In some companies, the testing function is a well-oiled machine, rooted deep into planning, merchandising, ecom and marketing processes. The key danger for these companies is that some users will become too dependent on testing and less confident in their own abilities to pick messages or construct cohesive lines. But most companies in our industry face the opposite problem: their testing disciplines and infrastructure are less developed and exercised infrequently; their tests are often executed inexpertly, yielding results that are less accurate and less trusted.
Most companies in our industry treat testing far too casually. Few articulate their testing strategy, and none that I know of systematically captures its costs and benefits. While most tests are relatively easy to execute, consistently beneficial testing requires rigor across several disciplines. Consider, for each testing step, these rather typical test-deflating experiences, below:
|STEP||TYPICAL TEST-DEFLATING EXPERIENCE|
|1. Select the test and control groups||Can’t find enough predictive, high-traffic, “clean” stores, resulting in too small a test cell|
|2. Ensure the test is fully executed||Not enough hours allocated to some test stores, so the “treatment” was days late|
|3. Read for a sufficient period of time||I know the order needs to be placed Monday, but, no, Sunday sales alone will not make a good read.|
|4. Control for “circumstances”||A blizzard in Atlanta? Then Portland?|
|5. Make the right decision based on results||Wait, you are buying the teal and fuchsia anyway?|
Note, your test is only as good as the weakest link. You might execute perfectly on steps 2-5, but if the test or control group stinks, your whole test stinks. And no matter how good the test, if your merchant ignores the results (5.), then you’ve just wasted the company’s time and money.
Guess what else? By the time the test-revised items/colors/depth/ collection/floorset/ campaign/pricing land(s), your perfectly executed test may end up invalidated because the weather, fashion and/or competitive conditions may have drastically changed in the interim.

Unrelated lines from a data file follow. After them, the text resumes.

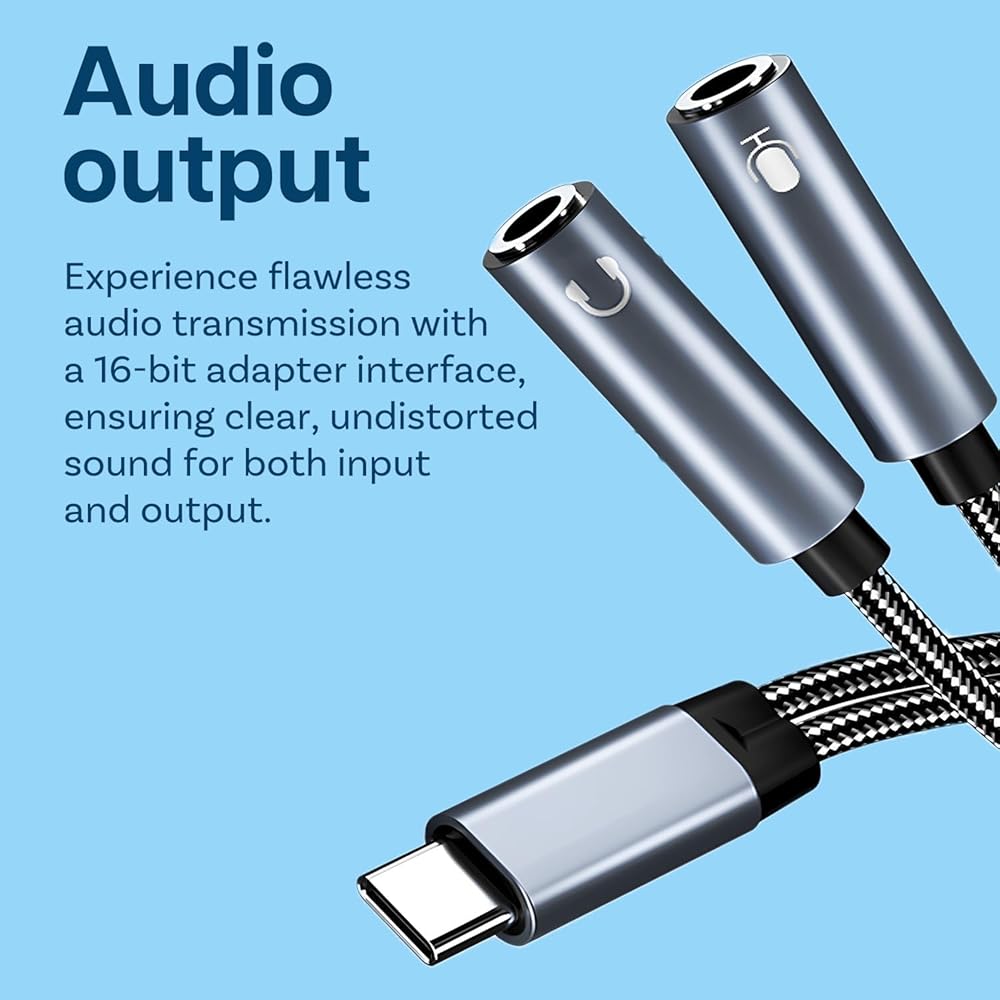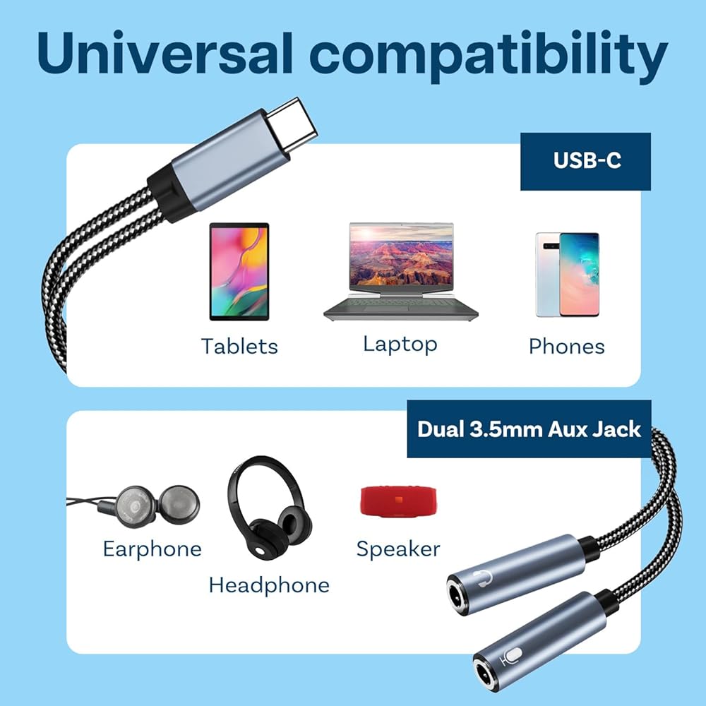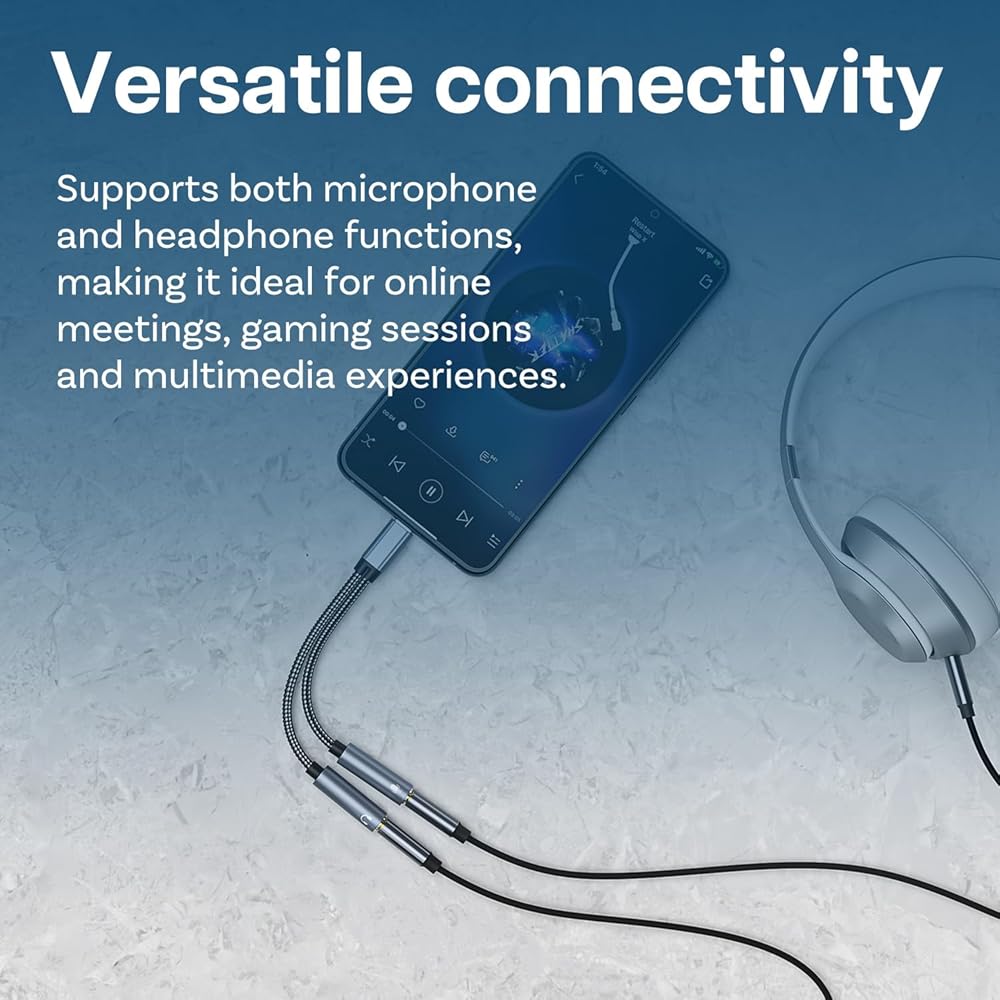 Versatile Connectivity - Connect your USB-C device to audio equipment with dual 3.5mm ports. This adapter supports both microphone and headphone functions, making it ideal for online meetings, gaming sessions, and multimedia experiences on devices like your phone, laptop or tablet.
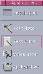 Use the Applications subpanel to post text and voice notes on the workspace, to run Text Editor, and to open Application Manager.
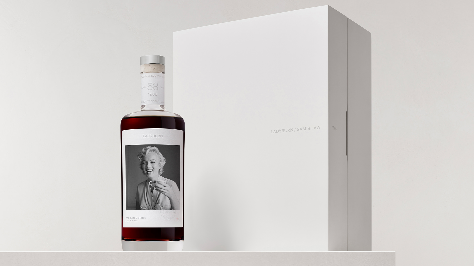 Ladyburn One of One 2025 – This is the oldest whisky ever released from the now lost Ladyburn Distillery, distilled in 1966 and bottled in 2025 at 58 years old. Only operational for nine years from 1966 to 1975, and with very few official bottles released in its history, Ladyburn is, for many, the ultimate ‘ghost’ whisky (ghost is the colloquial term given to a whisky from a distillery that no longer exists). Entirely dismantled in 1976, not only has the distillery itself vanished, but Ladyburn had no visual identity whatsoever; no logos, bottles, or packaging. All that remains of it is the whisky. And that is how we have left it. Almost invisible. A ghost. But also a platform to show all the excitement and dynamism of the period when the whisky was made; a time of optimism and great change. For the Distillers One of One Auction, Ladyburn has partnered with the estate of photographer Sam Shaw to share a rarely seen and intimate portrait of his great friend, Marilyn Monroe.
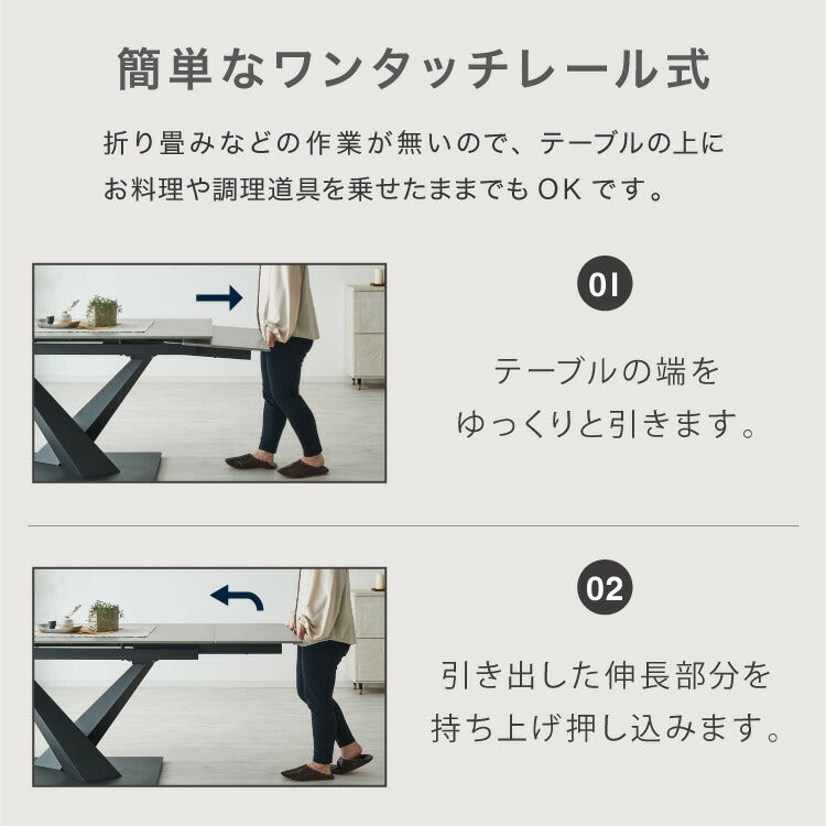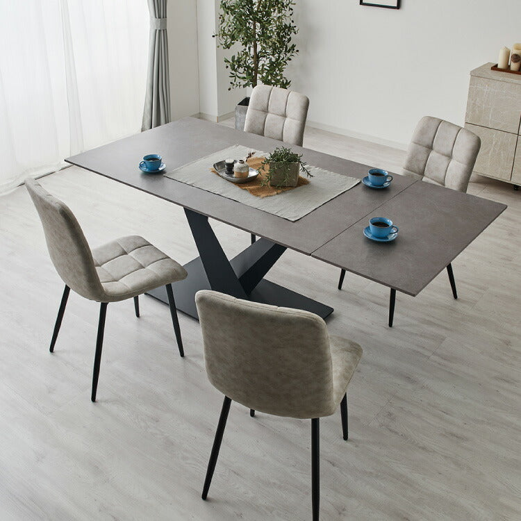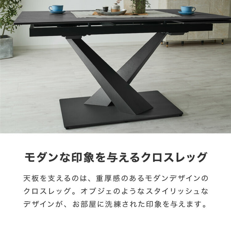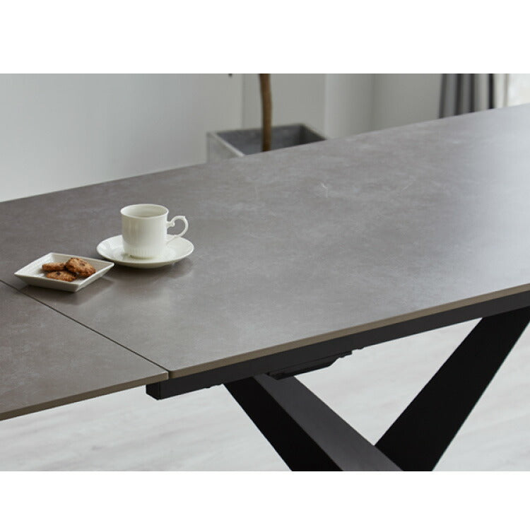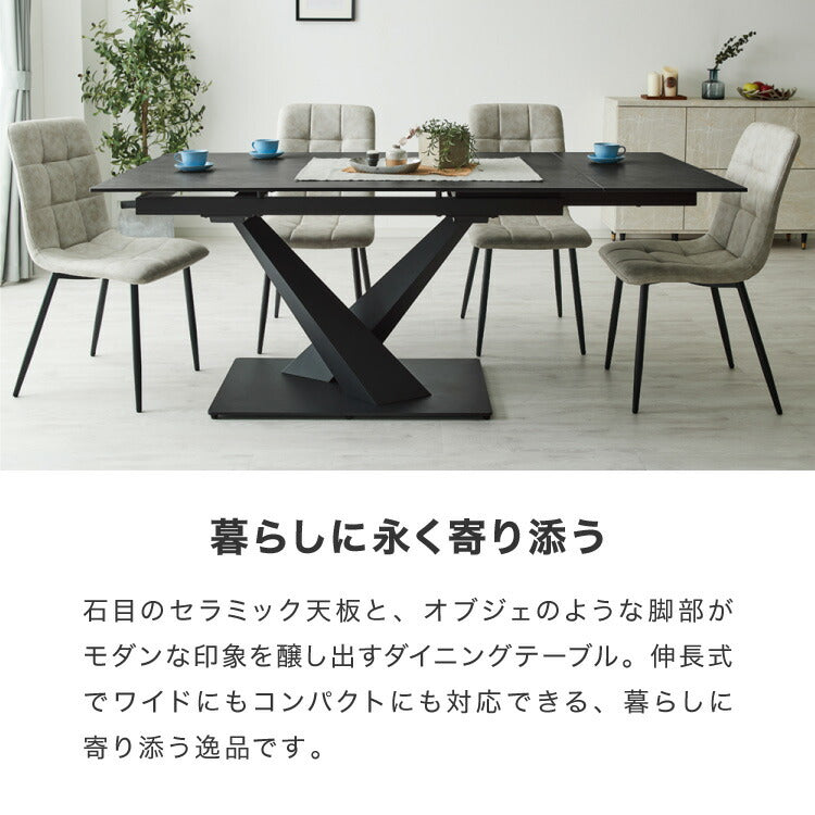 石目調のセラミック天板がラグジュアリーな片側伸長式のダイニングテーブルです。
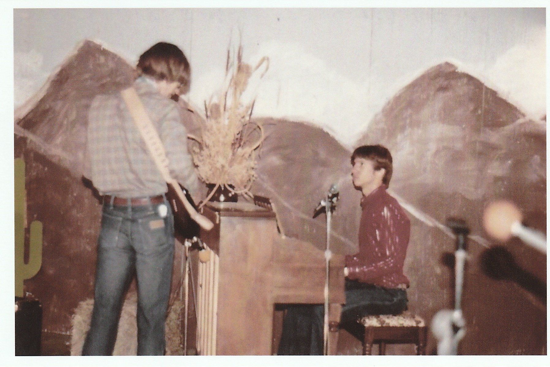 Performing at the talent competition at the AR State Fair, October 1982. Final day of competition, a Saturday. We had played 2 previous days to reach the finals
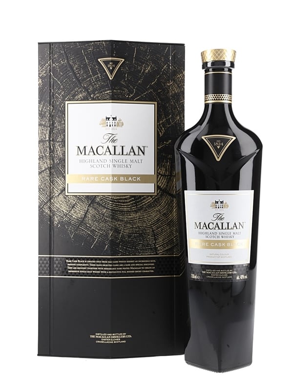 A bottle of The Macallan Rare Cask Black Highland Single Malt Scotch Whisky, made from peated malt matured in first fill sherry casks. This was hand selected by The Macallan's whisky maker Bob Dalgarno from fewer than 100 casks and bottled at 48% ABV.
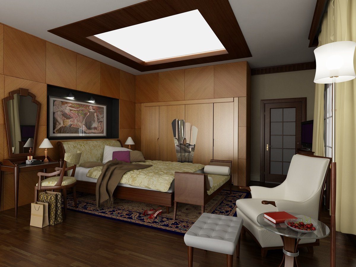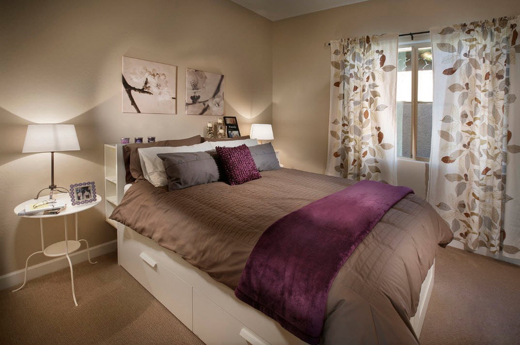 Dans la chambre à coucher, cette couleur contribuera à une détente complète et à des vacances reposantes. Une petite pièce, entièrement décorée avec des tons différents de la même couleur, est incroyablement élégante. Les draps blancs et un plafond dilueront le brun.
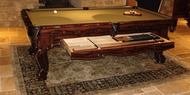 キャバリエビリヤード台は無垢材でできており、フレーム、エプロン、脚に華やかな彫刻のディテールが施されています。

Given these challenges, it’s very important to use tests smartly and manage the function deliberately.
Managing the Testing Function
- Use first for strategy. The first and best use for testing should be for reducing the financial and operating risks of major strategic initiatives. As part of the annual planning cycle, some companies develop an explicit “learning agenda” for the upcoming year: for all of Year 2 launch goals, start testing for answers in Year 1, etc. Start systematically applying the principles of lean startup.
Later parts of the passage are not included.